You can of course claim that the business owns your headset and every other bit of flying equipment you have. However, most of these things count then as assets of the business and you can not go out today and spend 5000 on office furniture and include the full 5000 in the current year tax return as an expense.

More important though is that if you over time write off the cost of the office furniture then sell it in the local free adds in 5 years time, the money you sold the desk for has to be included in the accounts and is taxable.

If you are going to try those kind of tricks then I would say yes get an accountant.

Regards,

DFC

FlyingGasMain
30th May 2009, 10:16
To be honest, I think I'm going to keep it all pretty simple.

I've got the invoices I submitted over the 4 months. I paid some NICs during that time. As far as expenses go I'll just claim for medical, a headset repair I had done and some shirts. If the expenses are low scale like this you can lump them all into the same box on the tax form.

Luckily I put a little bit aside for income tax whilst I was doing the flying, so fingers crossed I should have whatever they think I owe them covered anyway. How much can they tax me on peanuts in any case ?! ;)

theavionicsbloke
30th May 2009, 11:40
The whole area of using the "company car" for personal use, fuel purchase etc etc gets the tax man's attention very quickly and is a pain in the proverbial to work out.


Yes, thank you for pointing this out. Very true and good advice here.

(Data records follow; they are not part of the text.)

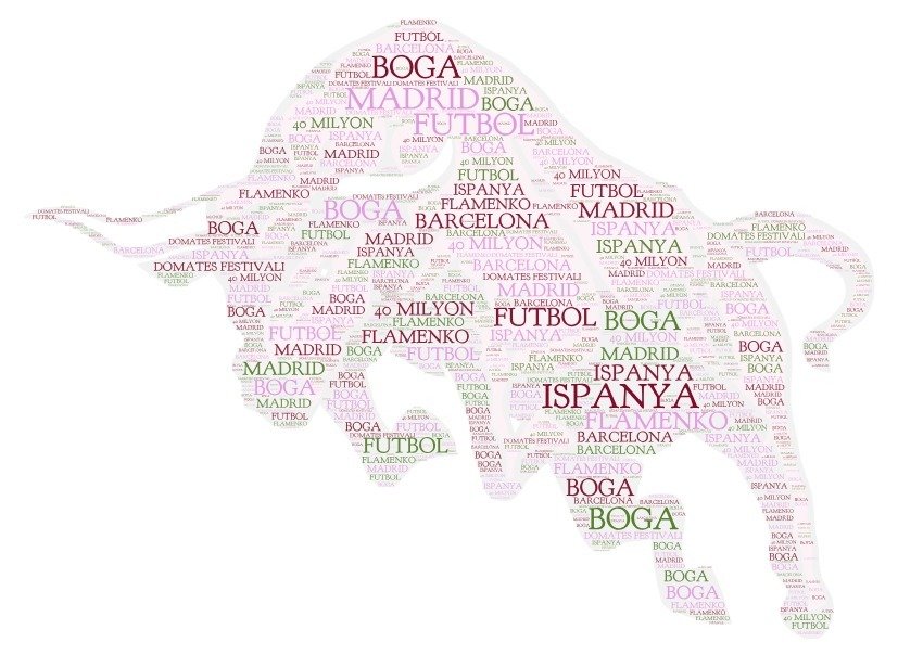 Wordart ile İspanya ünlü boğası ile eşleştirdik.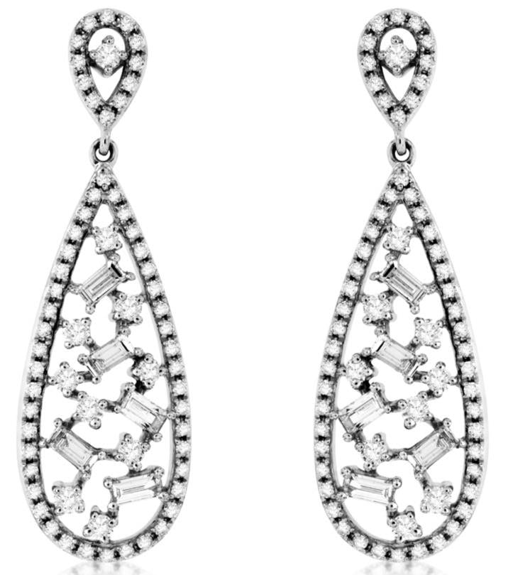 14KT WHITE GOLD HANGING EARRINGS. 3D CLUSTER TEAR DROP DESIGN. ROUND AND BAGUETTE DIAMONDS ARE F/G COLOR, VSSI CLARITY .52 CARATS. WRITTEN APPRAISAL AVAILABLE. COMES IN A PRESENTABLE GIFT BOX.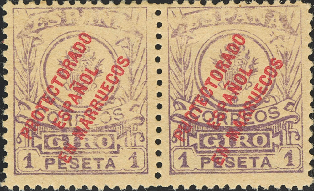 ★ 5, 5he. 1917. 1 pts violeta, pareja. Un sello "R" DE PROTECTORADO INVERTIDA. MAGNIFICA Y MUY RARA. Edifil 2018: ++287 Euros

I failed to qualify this with the fact that I log all my business travel.
Date, Time distance, client / task including vehicle displayed mileage pre / post trip etc. I also diaries all my business activity as amatter of course as any person should do.

On the 6th April I check the total mileage displayed on the vehicle and record it in the diary. I then compare this against the mileage recorded the year before and calculate the total mileage put on the vehicle for the year. The I compare this with the total logged bisuiness mileage. From this I then calculated the % Business / Private use. For me this varies between 50 to 70%. I then only claim only the actual true business % of the total cost (One that can be genuinely demonstrated and justify).

DFC
30th May 2009, 22:05
For me this varies between 50 to 70%. I then only claim only the actual true business % of the total cost (One that can be genuinely demonstrated and justify).

How does that compare with paying yourself mileage at the HMRC rates?